=== Exercise requirements ===
Would you reproduce the data below exactly, please, leaving out its images?

──────── Records provided ────────

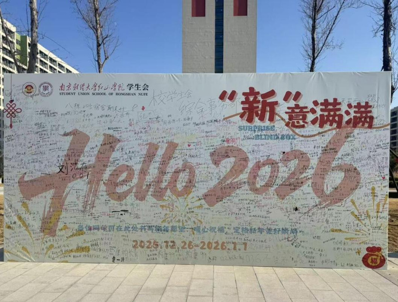 12月26日持续至1月1日,食堂广场前设立的“新年祝福墙”正式亮相,吸引了大量同学驻足,。大家纷纷提笔,写下对新一年的憧憬、对亲友的祝福或对学业生活的期许。一面祝福墙,成为了汇集同学们真诚情感与美好愿望的温暖角落,定格了新年伊始的欢乐瞬间。
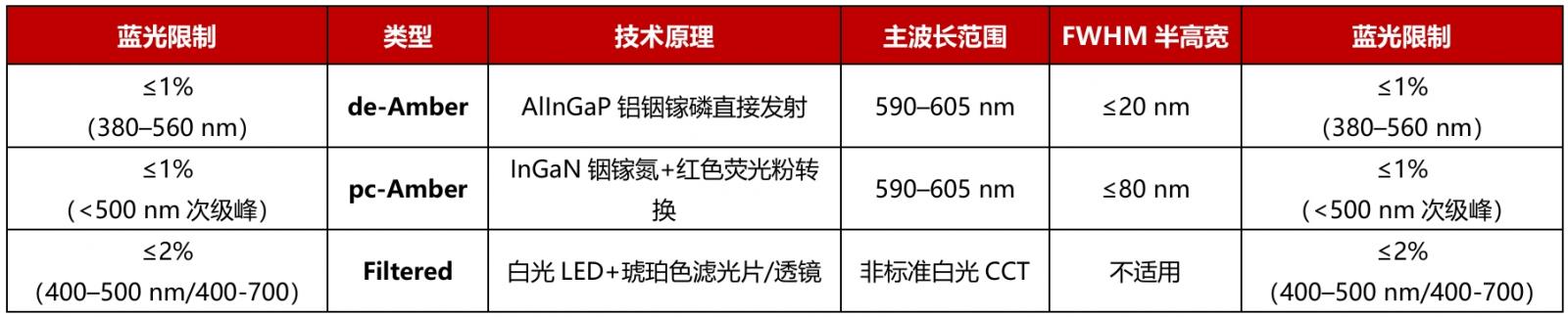 pc-Amber:熒光轉換型(寬帶琥珀光,藍光占比≤1%)。
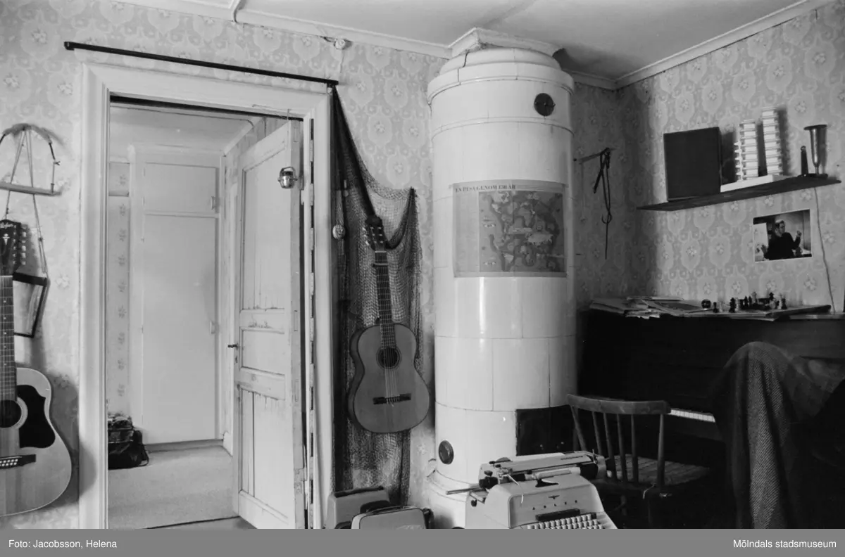 Rum med kakelugn i bostadshus Roten M 11-12, okänt årtal. Vindsvåningen avbildad.
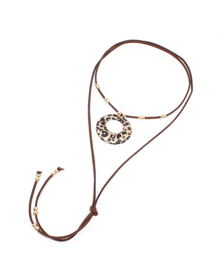 Collar de gamuza de múltiples vueltas, con dije animal print y terminales en punteras.
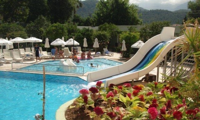 An outdoor pool and a children's pool are on site. Other recreational amenities include a private beach, a waterslide, a sauna, and a fitness center.
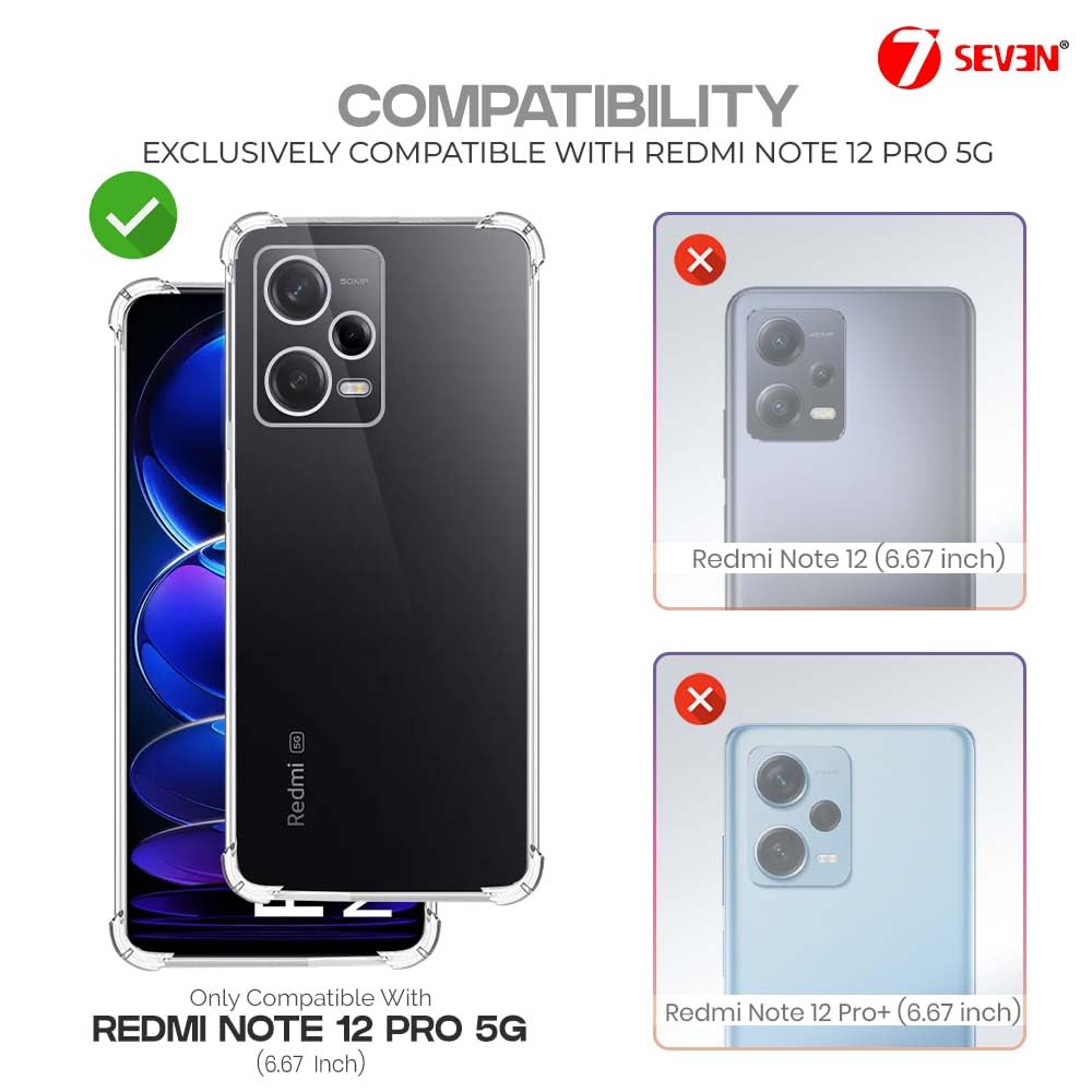7SEVEN® Back Cover for MI Redmi Note 12 Pro 5G Transparent Mobile Back Case Shock Proof Design Camera Edges Protection Crystal Clear Phone Case Silicon Soft TPU and Flexible Bumper Phone Cover

────────

=== Solution below ===
 12月26日持续至1月1日,食堂广场前设立的“新年祝福墙”正式亮相,吸引了大量同学驻足,。大家纷纷提笔,写下对新一年的憧憬、对亲友的祝福或对学业生活的期许。一面祝福墙,成为了汇集同学们真诚情感与美好愿望的温暖角落,定格了新年伊始的欢乐瞬间。
 pc-Amber:熒光轉換型(寬帶琥珀光,藍光占比≤1%)。
 Rum med kakelugn i bostadshus Roten M 11-12, okänt årtal. Vindsvåningen avbildad.
 Collar de gamuza de múltiples vueltas, con dije animal print y terminales en punteras.
 An outdoor pool and a children's pool are on site. Other recreational amenities include a private beach, a waterslide, a sauna, and a fitness center.
7SEVEN® Back Cover for MI Redmi Note 12 Pro 5G Transparent Mobile Back Case Shock Proof Design Camera Edges Protection Crystal Clear Phone Case Silicon Soft TPU and Flexible Bumper Phone Cover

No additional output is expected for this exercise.